== PROBLEM STATEMENT ==
Wherever the string "which" appears in a line of the listing below, report that line.

== SUPPLIED DATA ==
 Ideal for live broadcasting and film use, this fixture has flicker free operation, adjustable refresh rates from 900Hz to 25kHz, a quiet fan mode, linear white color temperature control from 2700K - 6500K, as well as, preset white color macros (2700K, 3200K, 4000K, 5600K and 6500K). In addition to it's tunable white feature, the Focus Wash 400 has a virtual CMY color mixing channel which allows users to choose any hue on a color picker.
--
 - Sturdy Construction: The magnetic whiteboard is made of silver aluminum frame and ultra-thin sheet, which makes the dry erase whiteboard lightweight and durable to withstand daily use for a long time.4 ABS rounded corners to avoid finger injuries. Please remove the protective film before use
---
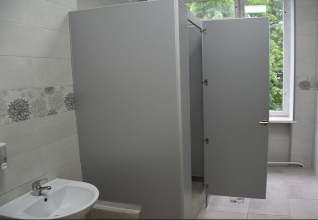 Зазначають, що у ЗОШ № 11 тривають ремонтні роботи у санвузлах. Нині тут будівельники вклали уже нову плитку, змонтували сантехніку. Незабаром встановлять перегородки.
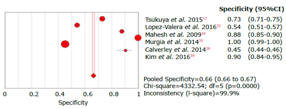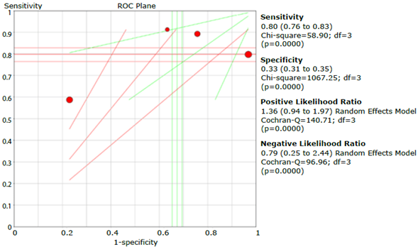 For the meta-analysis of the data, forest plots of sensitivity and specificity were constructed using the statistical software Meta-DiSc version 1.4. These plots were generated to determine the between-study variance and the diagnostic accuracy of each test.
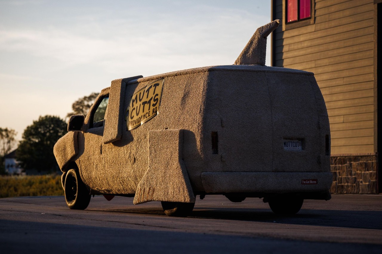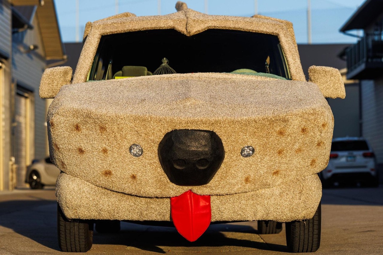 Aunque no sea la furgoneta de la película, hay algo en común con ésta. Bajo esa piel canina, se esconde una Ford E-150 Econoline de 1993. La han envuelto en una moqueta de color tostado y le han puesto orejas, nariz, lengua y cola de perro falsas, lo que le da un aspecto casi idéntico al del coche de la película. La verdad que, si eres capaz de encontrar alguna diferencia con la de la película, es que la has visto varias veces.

== SOLUTION FOR THIS TASK ==
 Ideal for live broadcasting and film use, this fixture has flicker free operation, adjustable refresh rates from 900Hz to 25kHz, a quiet fan mode, linear white color temperature control from 2700K - 6500K, as well as, preset white color macros (2700K, 3200K, 4000K, 5600K and 6500K). In addition to it's tunable white feature, the Focus Wash 400 has a virtual CMY color mixing channel which allows users to choose any hue on a color picker.
 - Sturdy Construction: The magnetic whiteboard is made of silver aluminum frame and ultra-thin sheet, which makes the dry erase whiteboard lightweight and durable to withstand daily use for a long time.4 ABS rounded corners to avoid finger injuries. Please remove the protective film before use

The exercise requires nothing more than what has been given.